**WORK TO COMPLETE**
Restate word for word the section of the entries that opens at the line containing "Dattes majhoul fourrées, bourse" and closes at the line containing "Nombre del producto:Set", both lines kept, pictures dropped.

**RECORDS SUPPLIED**
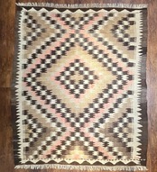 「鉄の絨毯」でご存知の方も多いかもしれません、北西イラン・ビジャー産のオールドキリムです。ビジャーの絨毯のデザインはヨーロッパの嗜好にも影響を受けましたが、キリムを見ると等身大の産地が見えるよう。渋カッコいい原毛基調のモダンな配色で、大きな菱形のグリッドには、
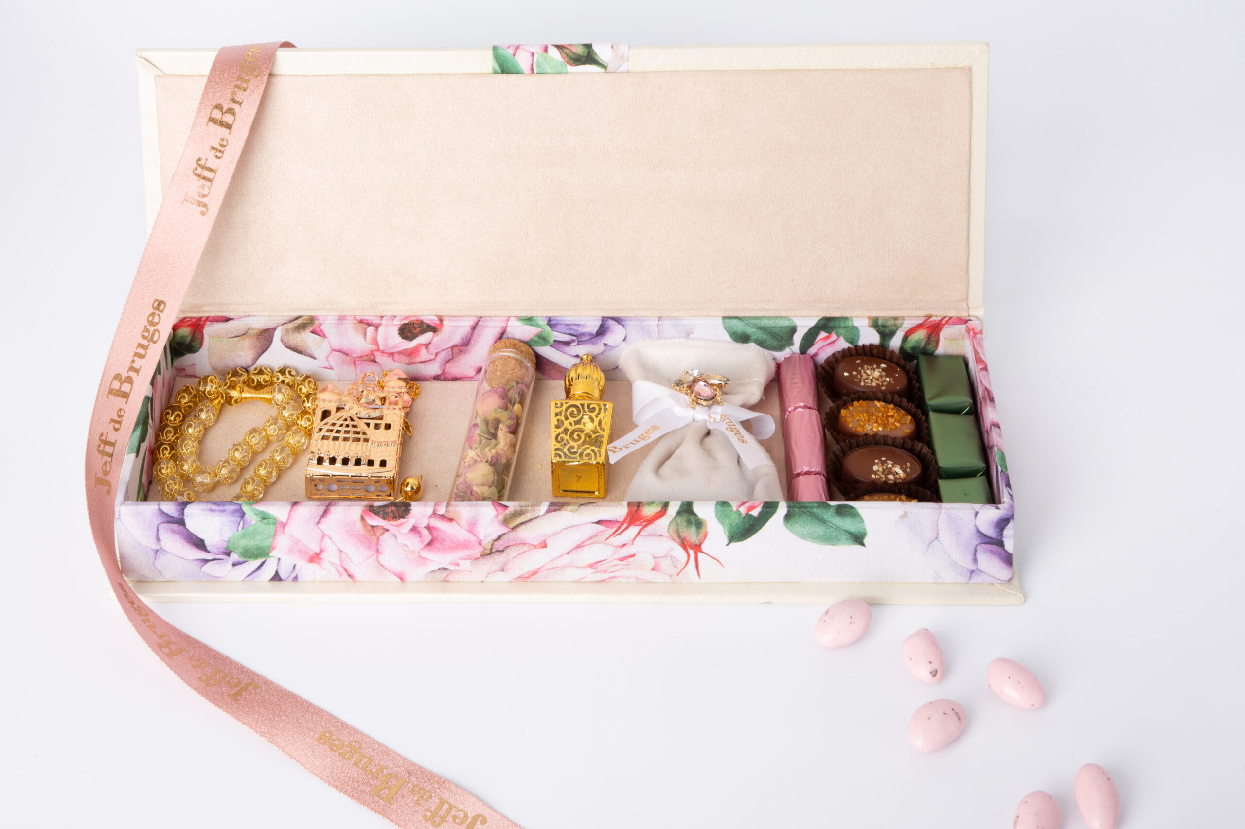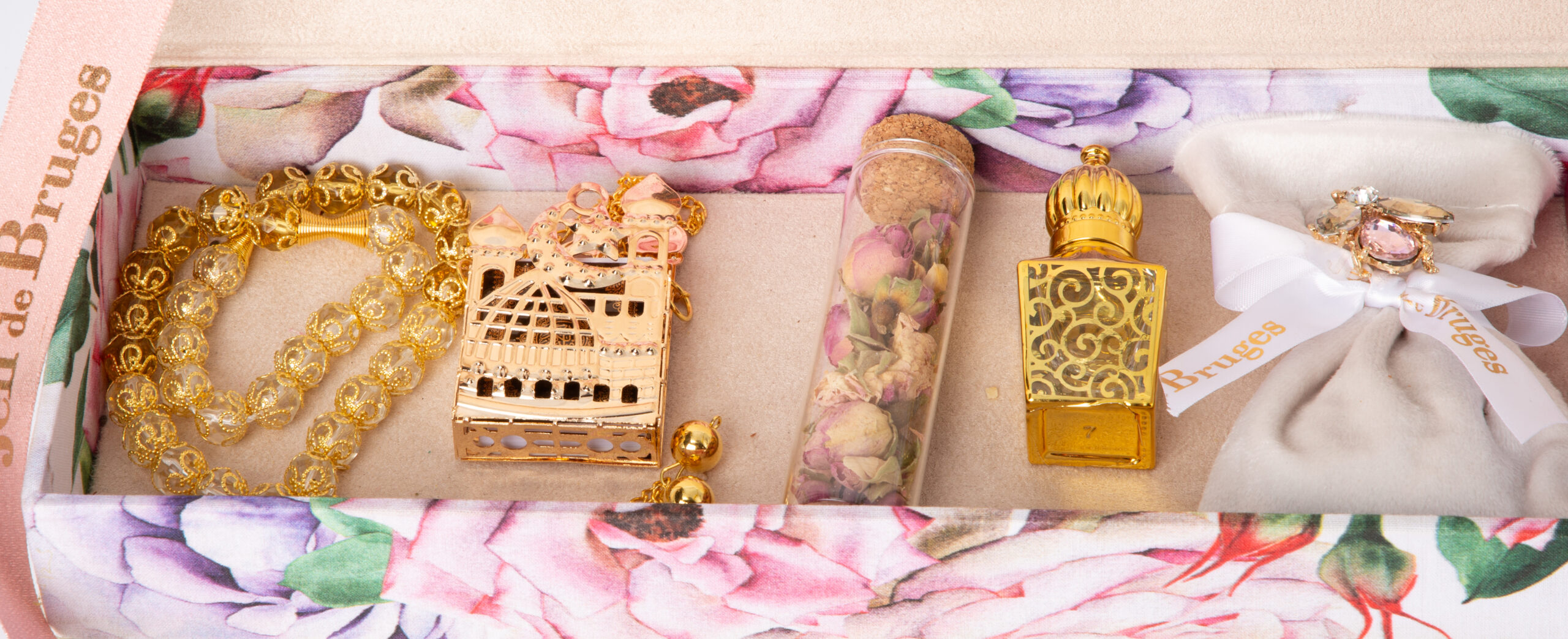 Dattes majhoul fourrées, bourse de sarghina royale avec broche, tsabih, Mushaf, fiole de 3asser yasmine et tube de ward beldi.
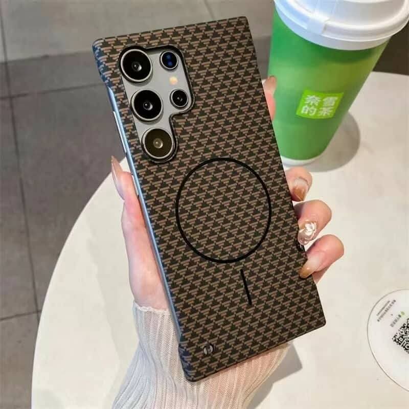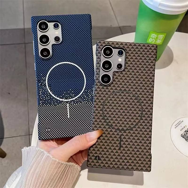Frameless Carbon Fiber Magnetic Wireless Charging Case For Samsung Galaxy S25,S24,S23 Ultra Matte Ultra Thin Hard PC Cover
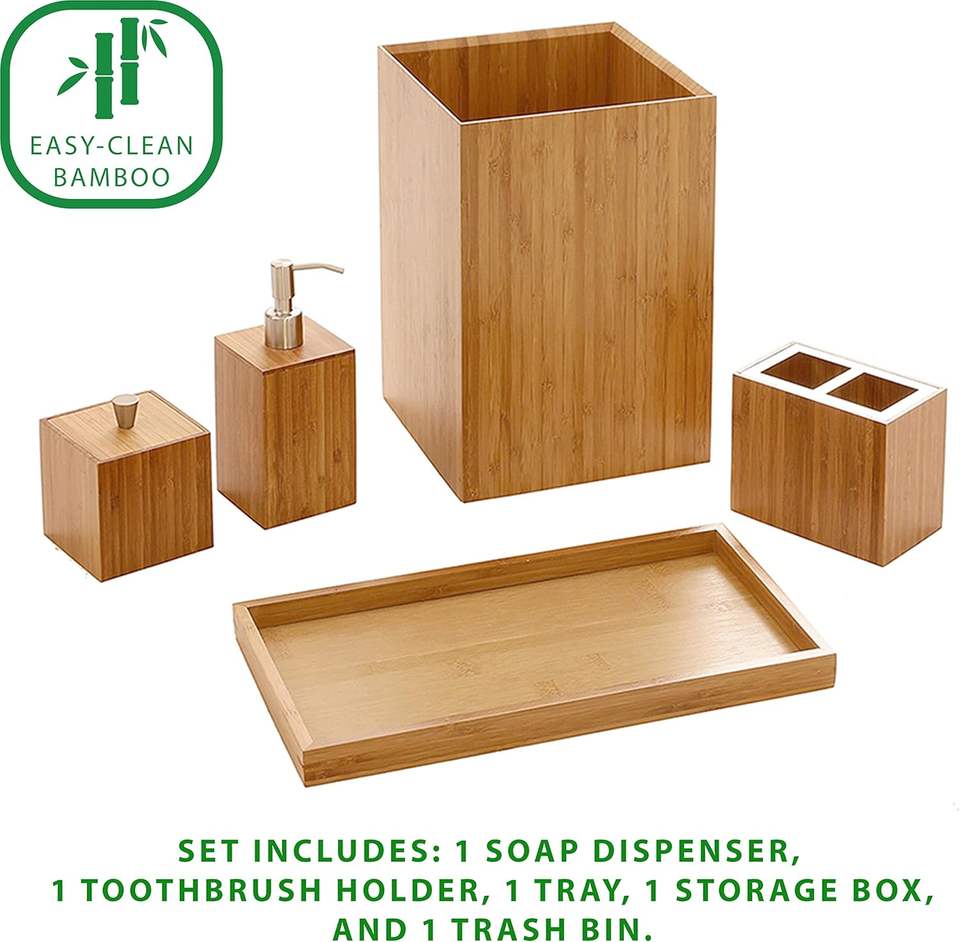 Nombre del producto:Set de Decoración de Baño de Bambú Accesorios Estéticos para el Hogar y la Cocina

* * *

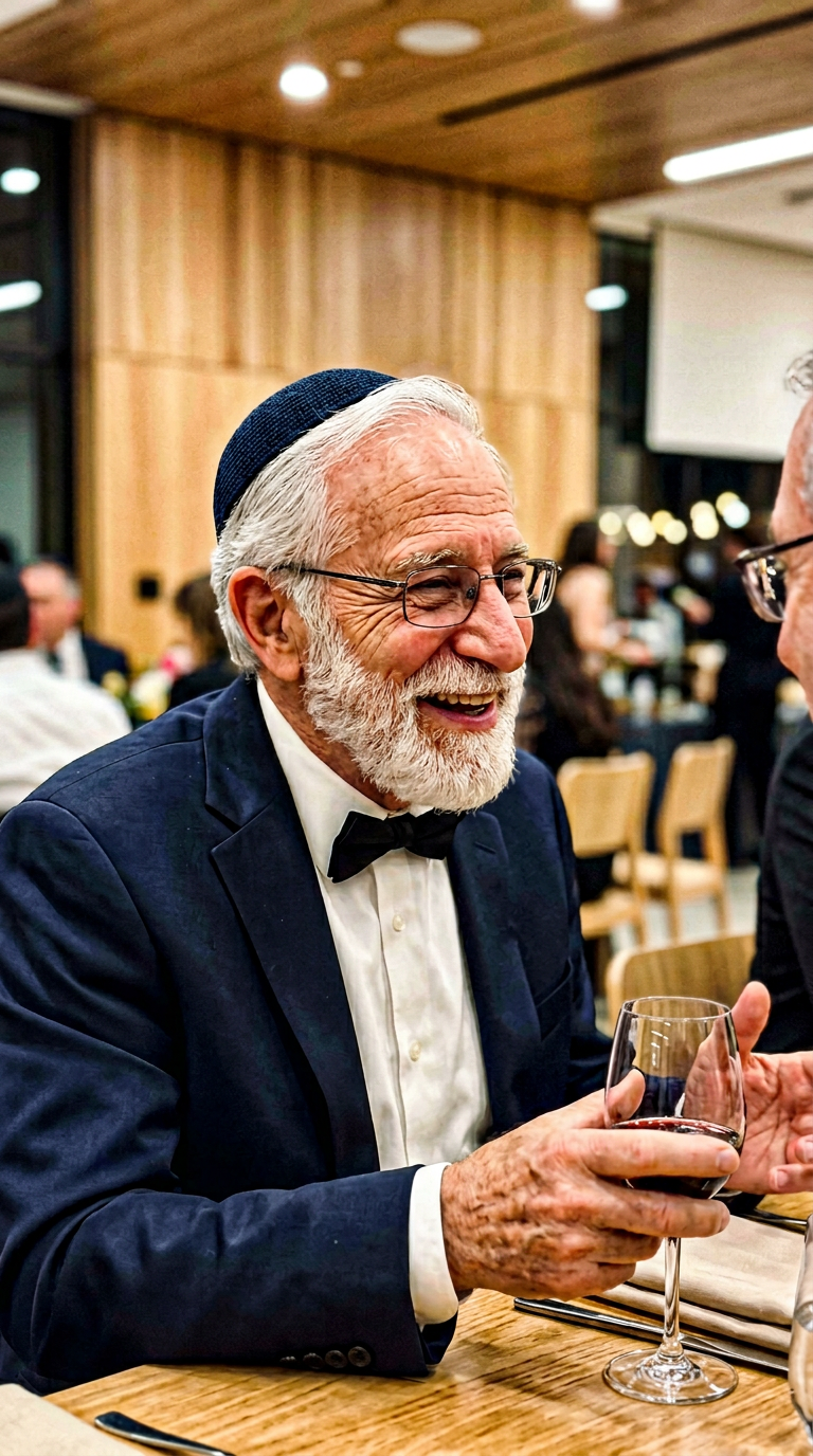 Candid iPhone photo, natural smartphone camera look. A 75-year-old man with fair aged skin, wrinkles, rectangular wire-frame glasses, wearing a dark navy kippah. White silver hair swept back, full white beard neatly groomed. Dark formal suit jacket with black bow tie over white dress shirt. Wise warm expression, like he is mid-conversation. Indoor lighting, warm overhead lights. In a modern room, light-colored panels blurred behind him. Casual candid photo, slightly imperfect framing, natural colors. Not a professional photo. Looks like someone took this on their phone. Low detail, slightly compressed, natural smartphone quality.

**OUTPUT**
 Dattes majhoul fourrées, bourse de sarghina royale avec broche, tsabih, Mushaf, fiole de 3asser yasmine et tube de ward beldi.
Frameless Carbon Fiber Magnetic Wireless Charging Case For Samsung Galaxy S25,S24,S23 Ultra Matte Ultra Thin Hard PC Cover
 Nombre del producto:Set de Decoración de Baño de Bambú Accesorios Estéticos para el Hogar y la Cocina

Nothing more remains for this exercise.